Périodiquement, je m’applique ce que je prêche à mes étudiants, et je fais un tour d’horizon bibliographique sur les sujets qui m’intéressent. Je ne résiste pas au plaisir de parler de ma dernière trouvaille, un article assez spectaculaire publié dans cultural geographies.
Dans son article, « Transnatural ethics: revisiting the nuclear cleanup of Rocky Flats, CO, through the queer ecology of Nuclia Waste« , Shiloh Krupar propose une manoeuvre théorique audacieuse. Elle consiste à utiliser un personnage de comédie ‘camp’ (une drag queen ‘radioactive’) comme ressource théorique pour critiquer, mettre en question, le discours dominant de la remédiation environnementale face à la contamination nucléaire. La première partie de l’article fait une très bonne étude de cas de la dépollution du site de Rocky Flats (CO), où était extrait le plutonium militaire américain. Une fois la fermeture du site acquise, le gouvernement américain a financé une dépollution relativement modeste, puis a transformé le site en espace naturel protégé pour limiter l’interaction avec les humains. Le discours utilisé vante le ‘retour à la nature’, la profusion de la vie, la beauté des paysages. Les pratiques des travailleurs, la mémoire des lieux sont repoussées dans l’ombre, alors même que nombre d’entre eux subissent les effets délétères de l’exposition aux radionucléides. Si la mémoire collective s’efface, la contamination des corps et des environnements persiste. C’est là que Nuclia Waste (photo+lien) intervient.
En érodant la frontière entre nature et culture comme la frontière entre les genres, la drag queen moque la distinction politiquement informée entre le pur et l’impur, les déchets et la nature, la contamination et la pureté. Revendiquant son statut ‘mutant’, elle réinvestit en le subvertissant l’imaginaire nucléaire américain – A for Atom, Our Friend the Atom, etc. Ce faisant, elle résiste à la tentative de passer sous silence, d’occulter la signification profonde du nucléaire pour les USA, pas seulement en termes de contamination, mais aussi de structuration de la société entière (voir par exemple les travaux de Matt Farish).
Pour Krupar, Nuclia Waste prend a contrario au sérieux l’idée que certaines actions humaines sont irréversibles: de ce fait, Nuclia Waste ‘opens the possibility for different social practices in relation to Rocky Flats that acknowledge mutation rather than recover the site or bodies as normal/natural.’ (p. 315). Krupar propose une théorie de la ‘transnatural ethics’ qui laisse derrière elle la con/disjonction nature/culture pour embrasser l’incertitude, le brouillage des catégories, la pratique de la marge, de l’ironie comme nouvelle forme d’être dans les territoires et les corps contaminés.

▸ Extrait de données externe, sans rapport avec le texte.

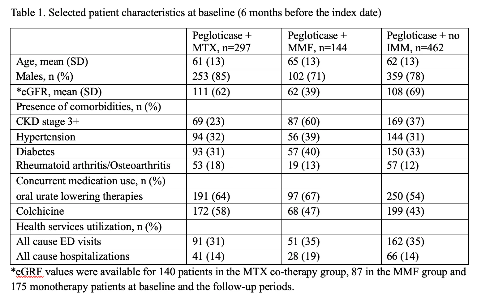 Methods: This is a longitudinal analysis using the Optum Clinformatics® DataMart®, 2016-2024. The study participants included new users of pegloticase; the first pegloticase infusion defined the index date. Based on the presence of IMM treatment ±90 days from the index date, we defined three exposure groups: MTX co-therapy group, MMF group and pegloticase monotherapy (IMM nonusers). We described pegloticase duration of use, patterns of sUA values and estimated Glomerular Filtration Rate (eGFR). Analyses were stratified by baseline eGFR (60+ vs. <60 ml/min/1.73m2).

Cet article a retenu mon attention pour plusieurs raisons. D’abord, il critique de manière convaincante le discours du retour à la nature des sites contaminés (on dit en France ‘retour à l’herbe‘) comme la manifestation d’une pensée dominante qui veut ignorer les histoires alternatives, la réalité de la contamination, et la signification du nucléaire pour les lieux et les gens. Il est difficile, et probablement injuste, de faire comme si rien n’avait existé, rien ne s’était produit. Pour Krupar, l’éthique transnaturelle accueille la contamination, les déchets, la difformité et appelle à leur propos de nouvelles pratiques de responsabilité et de care.
D’un autre côté, l’article m’a laissé très songeur, car cette posture critique ne résoud pas la question de la responsabilité. C’est une approche ex-post, une approche de l’après, qui évacue les « militant tactics that invoke sacrifice and purity, ‘rights’ and ‘injury' » (p. 315). Elle est donc inaudible pour les travailleurs contaminés par exemple, appelés à faire une place au cancer malgré leurs difficultés à faire reconnaître leurs maux comme des maladies professionnelles. Elle pourrait donc cautionner à merveille une politique du fait accompli, un fatalisme de la condition moderne. Cette lecture résonne avec Les Silences de Tchernobyl, que j’ai relu récemment (et qui pose bien d’autres problèmes, d’ailleurs), ou avec Life Exposed: Biological Citizens After Chernobyl d’Adriana Petryna. Comment cette queer ecology peut-elle proposer une éthique substantielle, et pas simplement se glisser dans les interstices des drames du passé ou du futur?